Les autorités britanniques ont mis en œuvre l’année dernière une série de réformes en matière de cotation visant à aider Londres à rivaliser avec New York et l’Union européenne après le Brexit. Cet assouplissement des règles de cotation n’a toutefois pas encore donné lieu à un redressement notable des introductions en bourse (IPO), qui s’est accompagné d’une longue période de décollecte des fonds britanniques.
Au total, 89 entreprises ont quitté la bourse junior l’année dernière, et seulement 18 l’ont rejointe. En comparaison, en 2021, il n’y avait eu que 54 départs de l’AIM et 66 arrivées.

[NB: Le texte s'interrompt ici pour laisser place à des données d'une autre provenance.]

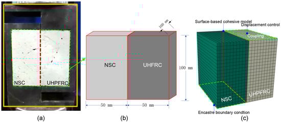In the previous study, Feng et al. [] investigated the effect of various factors on the shear performance at the NC-UHPFRC smooth, mid-rough, and rough interfaces. The concrete substrate and the UHPFRC have compressive strengths of 42 MPa and 120.61 MPa, respectively. Figure 7a,b show the detailed experimental setup and geometry.

Selon Peel Hunt, un tiers des sociétés de l’AIM ayant une valeur de marché comprise entre 50 et 250 millions de livres (61 à 305 millions de dollars) sont susceptibles de faire l’objet d’offres.
Selon Graham Simpson, directeur de Quest Research, les actions de l’AIM se négocient à des prix inférieurs de 30 à 40 % à leur moyenne décennale, car les investisseurs ont retiré davantage de liquidités des fonds britanniques, contre une décote de 10 à 20 % sur les marchés FTSE 100 et 250.
“La disparition de l’AIM serait catastrophique”, a déclaré M. Simpson, ajoutant que cela reviendrait à admettre que la Grande-Bretagne n’est pas intéressée par le soutien aux entrepreneurs, aux jeunes pousses et aux entreprises en croissance.
M. Simpson a mis en cause les sorties de fonds d’actions britanniques et “l’apathie” à l’égard de l’investissement dans les petites entreprises britanniques, compte tenu de leurs piètres performances de ces dernières années.
Selon Bidhi Bhoma, directeur général adjoint de Panmure Liberum, les fonds d’actions britanniques ont connu 41 mois consécutifs de décollecte, ce qui explique l’augmentation du nombre de départs de l’AIM. En temps utile, il n’y a pas eu assez d’introductions en bourse pour compenser ces départs.
“C’est un problème pour l’économie britannique, car la création d’emplois et les recettes fiscales, qui sont vitales pour l’économie britannique, découlent d’un marché AIM dynamique”, a déclaré Bidhi Bhoma.
Selon M. Jones de Peel Hunt, la réduction de moitié de l’allègement de l’impôt sur les successions est un autre catalyseur récent qui a incité certaines des plus de 600 sociétés cotées à l’AIM à quitter l’indice.
Auparavant, les propriétaires d’entreprises cotées sur l’AIM bénéficiaient d’une exonération totale des droits de succession sur leurs actions. Mais dans son budget du 30 octobre, la ministre des finances Rachel Reeves a réduit de moitié cette exonération, et les investisseurs de l’AIM doivent désormais s’acquitter d’un impôt effectif de 20 % sur leurs participations.
Pour inverser ce déclin, M. Bhoma a déclaré qu’une solution pourrait consister à obliger les opérateurs de régimes de retraite à allouer un pourcentage minimum de leurs actifs au Royaume-Uni.
M. Simpson, de Quest, a suggéré de rétablir les plans de comptes d’épargne exempts d’impôts au Royaume-Uni qui investissent dans des actions britanniques.
La plupart des problèmes rencontrés par l’AIM se font également sentir sur la bourse principale, qui a vu le nombre d’introductions en bourse diminuer et un grand nombre d’opérations de prise de contrôle ont été réalisées au cours de l’année écoulée. Certaines entreprises déplacent également leur cotation aux États-Unis pour obtenir de meilleures valorisations.
Il est certain que les analystes observent un renversement des flux d’actions vers l’Europe, qui pourrait endiguer cette tendance et soutenir les nouvelles émissions à Londres.
“Bien que nous voyions des signes avant-coureurs, nous devons résoudre le problème de capital qui existe au Royaume-Uni, ce qui, à son tour, permettra de répondre à l’appétit des sociétés privées pour les introductions en bourse”, a déclaré M. Bhoma.